Your goal |
Skip pictures in the listing below; copy exactly the lines from the one with "I have had this" through the one with "So this draft", inclusive.

Data provided |
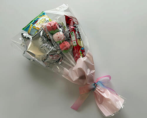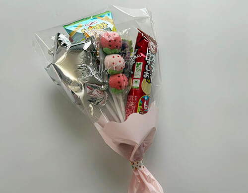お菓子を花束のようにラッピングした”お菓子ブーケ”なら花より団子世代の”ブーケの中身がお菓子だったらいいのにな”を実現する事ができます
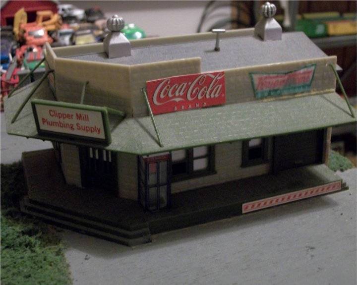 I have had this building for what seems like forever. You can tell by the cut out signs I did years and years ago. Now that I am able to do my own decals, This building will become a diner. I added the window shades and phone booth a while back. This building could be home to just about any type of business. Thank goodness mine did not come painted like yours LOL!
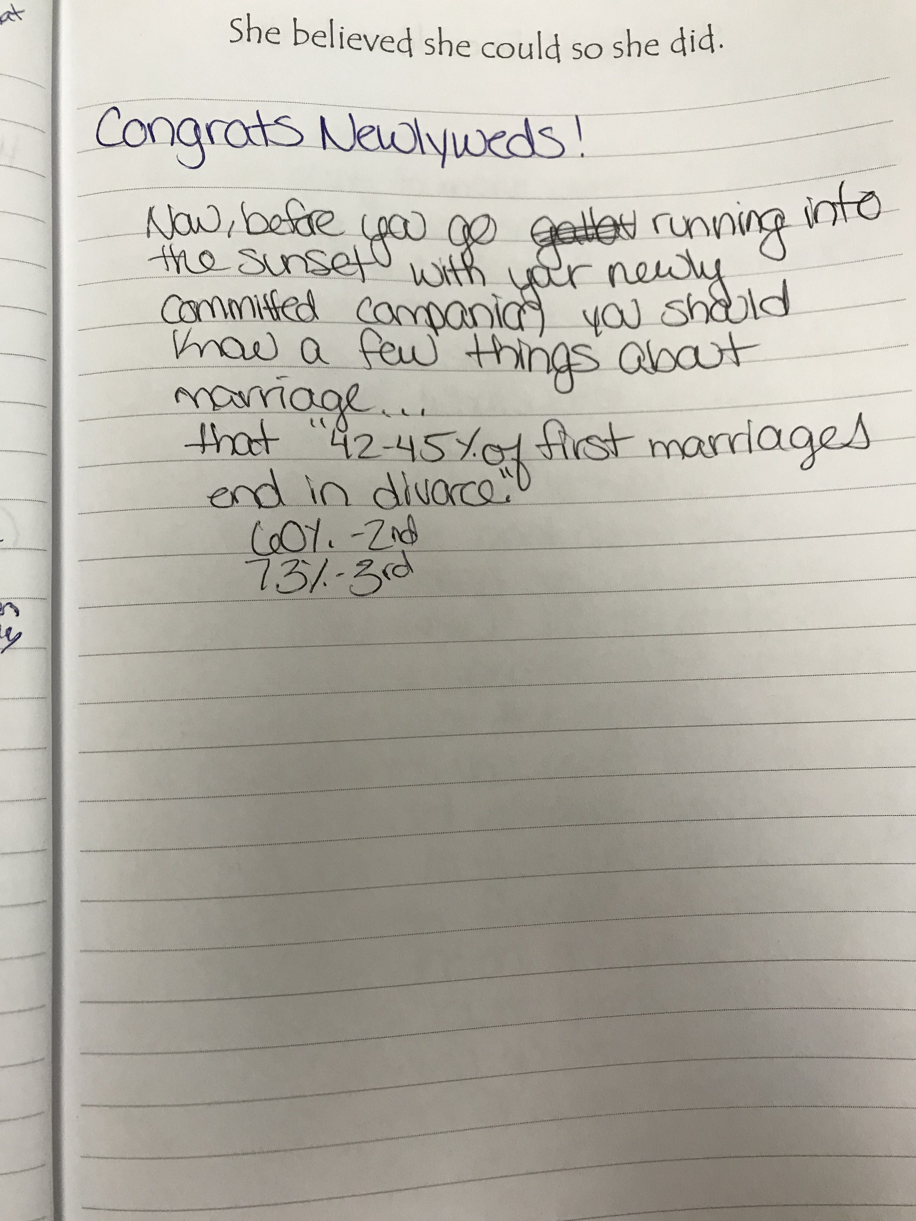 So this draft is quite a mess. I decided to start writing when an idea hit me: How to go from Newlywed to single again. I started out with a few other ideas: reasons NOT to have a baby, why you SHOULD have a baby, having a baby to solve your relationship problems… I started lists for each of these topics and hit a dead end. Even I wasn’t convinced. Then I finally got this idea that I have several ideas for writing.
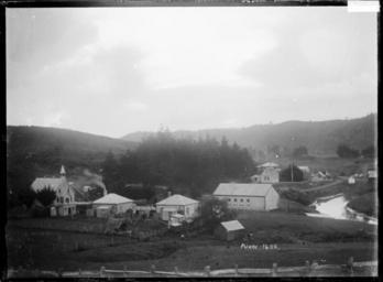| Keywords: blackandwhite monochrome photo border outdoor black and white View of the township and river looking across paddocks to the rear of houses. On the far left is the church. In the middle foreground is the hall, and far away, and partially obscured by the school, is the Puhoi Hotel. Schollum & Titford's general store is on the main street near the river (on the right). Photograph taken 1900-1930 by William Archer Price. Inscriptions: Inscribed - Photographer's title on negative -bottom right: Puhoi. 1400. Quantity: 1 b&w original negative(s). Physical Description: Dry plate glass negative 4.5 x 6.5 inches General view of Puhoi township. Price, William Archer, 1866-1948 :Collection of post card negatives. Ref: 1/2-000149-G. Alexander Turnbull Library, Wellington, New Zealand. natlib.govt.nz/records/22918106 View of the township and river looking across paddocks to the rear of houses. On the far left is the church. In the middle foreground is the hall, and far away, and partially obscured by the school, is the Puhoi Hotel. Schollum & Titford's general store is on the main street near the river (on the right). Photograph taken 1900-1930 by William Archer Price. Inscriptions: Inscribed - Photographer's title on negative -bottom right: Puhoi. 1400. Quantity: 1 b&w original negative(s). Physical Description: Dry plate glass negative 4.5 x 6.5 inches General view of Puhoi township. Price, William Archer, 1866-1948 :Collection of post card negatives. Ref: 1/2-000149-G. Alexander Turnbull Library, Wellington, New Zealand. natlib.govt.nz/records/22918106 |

Response |
 I have had this building for what seems like forever. You can tell by the cut out signs I did years and years ago. Now that I am able to do my own decals, This building will become a diner. I added the window shades and phone booth a while back. This building could be home to just about any type of business. Thank goodness mine did not come painted like yours LOL!
 So this draft is quite a mess. I decided to start writing when an idea hit me: How to go from Newlywed to single again. I started out with a few other ideas: reasons NOT to have a baby, why you SHOULD have a baby, having a baby to solve your relationship problems… I started lists for each of these topics and hit a dead end. Even I wasn’t convinced. Then I finally got this idea that I have several ideas for writing.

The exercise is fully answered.